Using MII-pH monitoring, we revealed the clinical significance of GER, especially NAR, in ESCCs. NAR may be a key factor in the link between gastric atrophy and ESCCs.

摘要

目的

最近的研究一致表明,胃萎缩与食管鳞状细胞癌(ESCC)之间存在显著关联。然而,导致这种关联的因果因素仍需阐明。多通道腔内阻抗监测联合 pH 传感器(MII-pH)是一种可靠的技术,可以评估胃食管反流(GER)事件,而与酸度无关。我们使用 MII-pH 研究 GER 在 ESCC 发病机制中的潜在作用。

方法

从 2008 年 8 月至 2010 年 5 月,连续纳入 14 例患有浅表性 ESCC(ESCC 组)的住院患者和 14 例年龄和性别匹配的无任何食管发育不良病变的住院患者(非 ESCC 组)。在标准住院条件下进行 24 小时便携式 MII-pH 监测。

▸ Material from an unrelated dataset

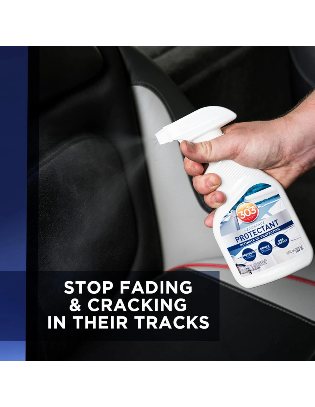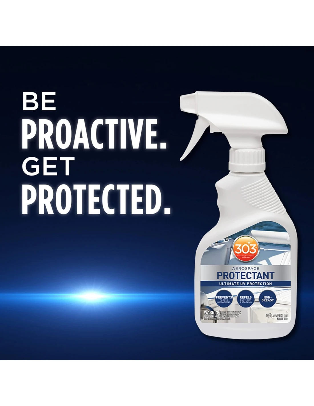 • Dachy bimini łodzi: Chroń swój pokrowiec łodzi przez cały rok przed szkodliwymi promieniami UV (które mogą powodować blaknięcie/pękanie) w miesiącach letnich, a zimą zachowa giętkość materiału i zapobiegnie jego wysychaniu i pękaniu. 303 Aerospace Protectant pomoże również ułatwić usuwanie/szczotkowanie nagromadzonego śniegu i lodu.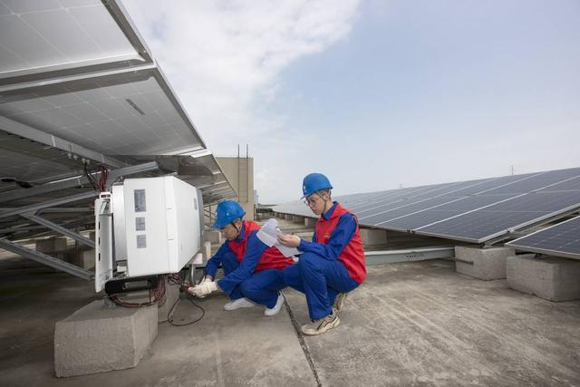 6月25日,国家电网四川电力(绵阳)连心桥共产党员服务队为四川爱创科技有限公司维护光伏发电及生产线用电设备。(田海 摄 )

MII-pH 数据用于识别酸反流(AR:反流事件期间 pH 值下降至 4.0 以下)和非酸反流(NAR:反流事件期间 pH 值上升至 4.0 以上)。

结果

ESCC 组的胃内 pH 值中位数为 4.7(2.3-6.4),表明该患者组存在低胃酸。ESCC 组的总反流和 NAR 事件数明显高于非 ESCC 组(56(43-87)比 35.5(18-47),P=0.016 用于总反流和 46.5(32-84)比 24.5(8-37),P=0.012 用于 NAR),而两组的 AR 数量相似。此外,在食团反流事件百分比时间的分类中也存在差异。

结论

使用 MII-pH 监测,我们揭示了 GER,特别是 NAR,在 ESCC 中的临床意义。NAR 可能是胃萎缩与 ESCC 之间联系的关键因素。